What you will do —
Your reply should restate the lines from the top of the entries through the line containing "Every 2nd month, a" word for word, with no pictures.
'''
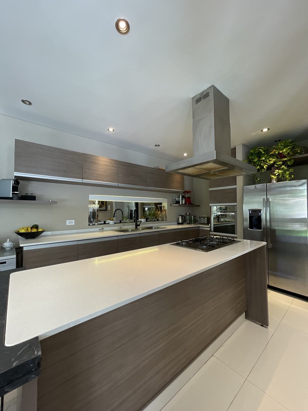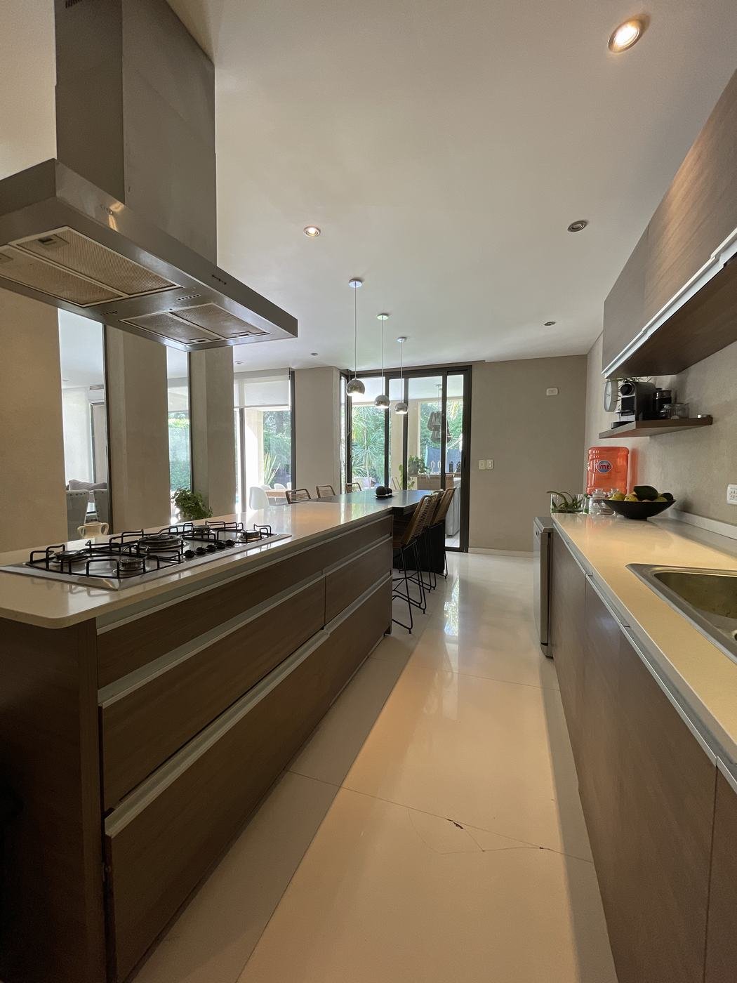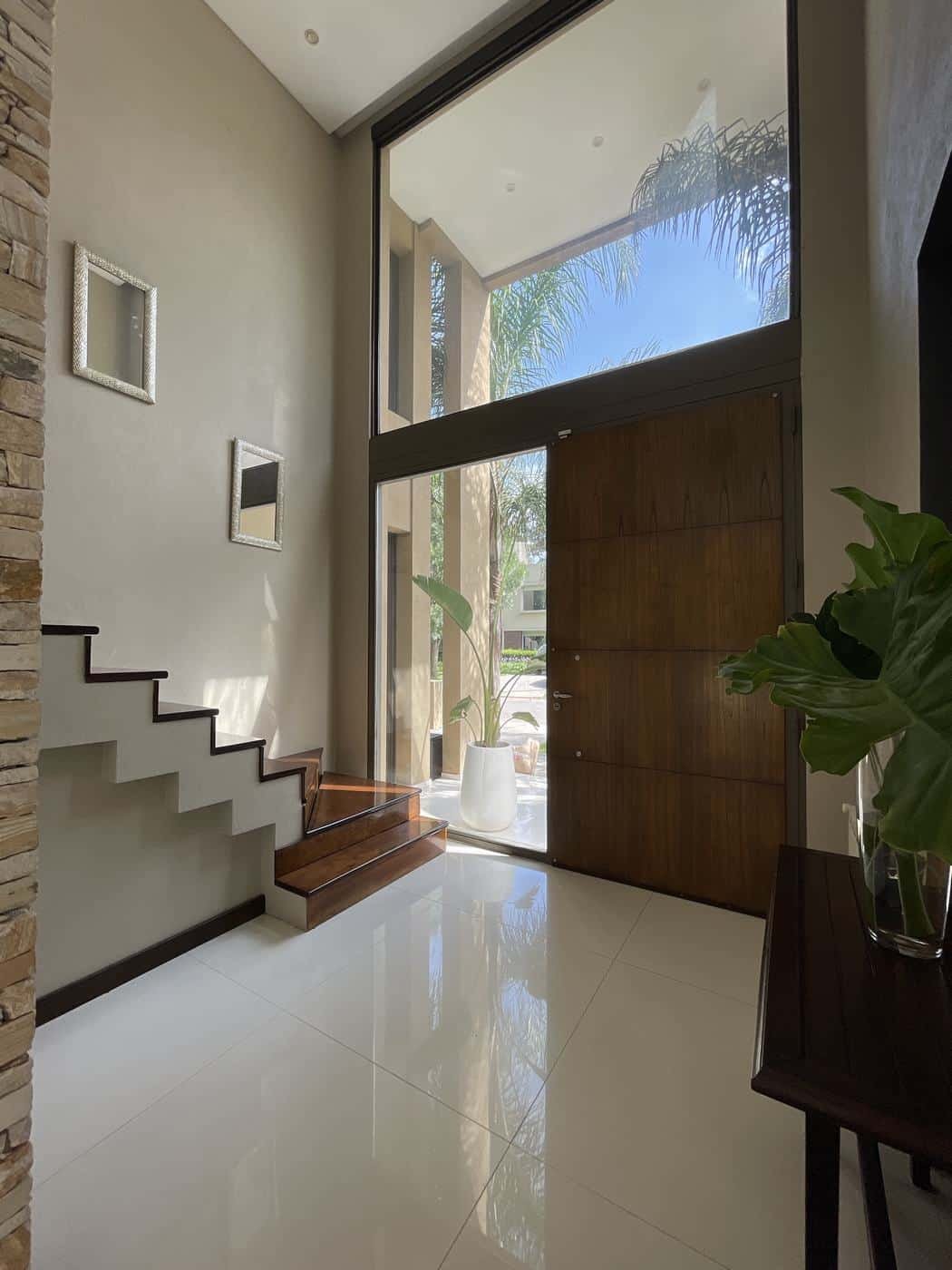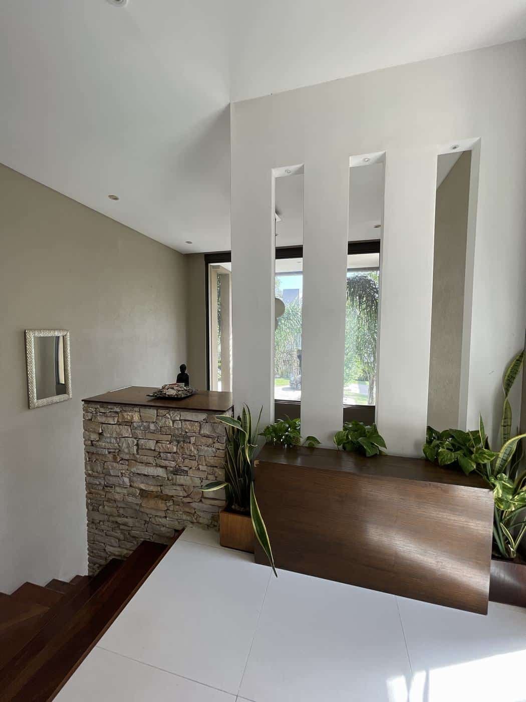 PB: Hall de recepción con doble altura, living comedor con hogar, cocina comedor con isla, totalmente equipada con mesada de Silestone. Escritorio y toilette de recepción.
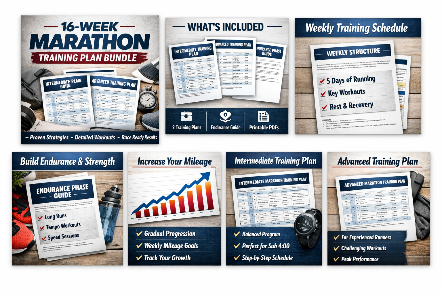 - 16-week structured marathon training plan
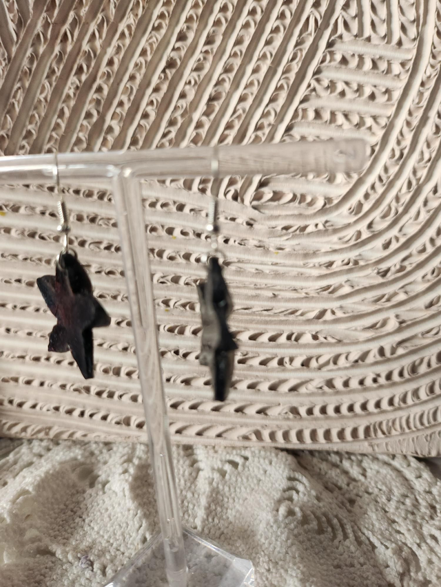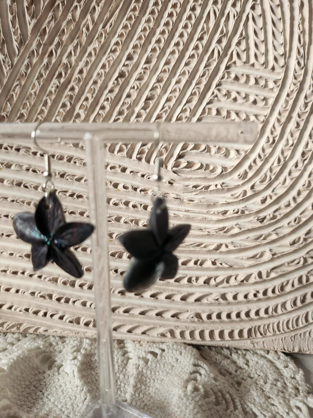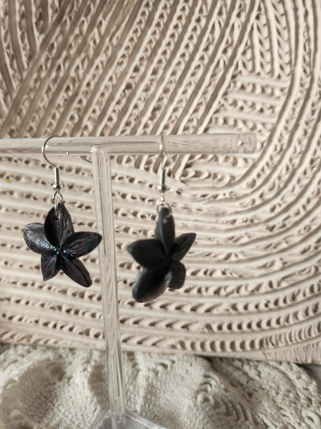 Boucles d'oreilles noires fleurs de tiares en résine.
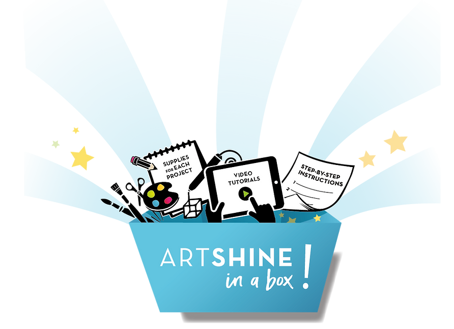 Every 2nd month, a fully-loaded art box is delivered to your home.
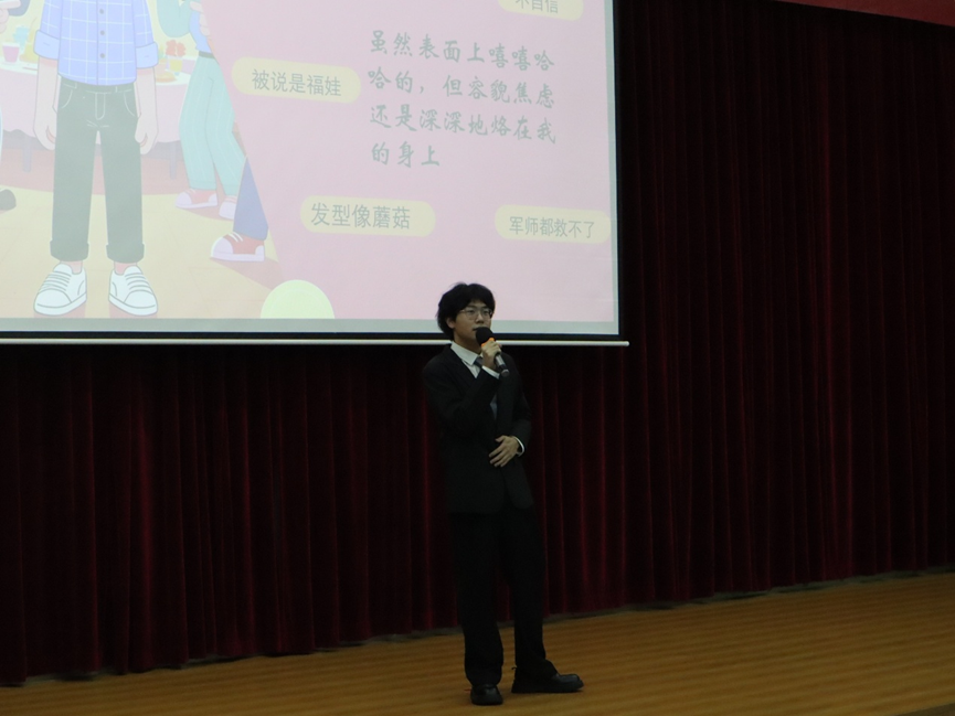紧接着,选手们依次登台演讲,从多元角度阐述心理健康的重要性。前五名选手演讲完毕后,比赛进入中场休息环节,现场播放心理健康主题视频,帮助选手和观众们放松心情、调整状态。视频播放结束,后六名选手接续上台,通过结合社会现象、心理学理论等,进一步表达个人对维护心理健康的见解,引发现场观众的共鸣和思考。
'''
Result of the task —
 PB: Hall de recepción con doble altura, living comedor con hogar, cocina comedor con isla, totalmente equipada con mesada de Silestone. Escritorio y toilette de recepción.
 - 16-week structured marathon training plan
 Boucles d'oreilles noires fleurs de tiares en résine.
 Every 2nd month, a fully-loaded art box is delivered to your home.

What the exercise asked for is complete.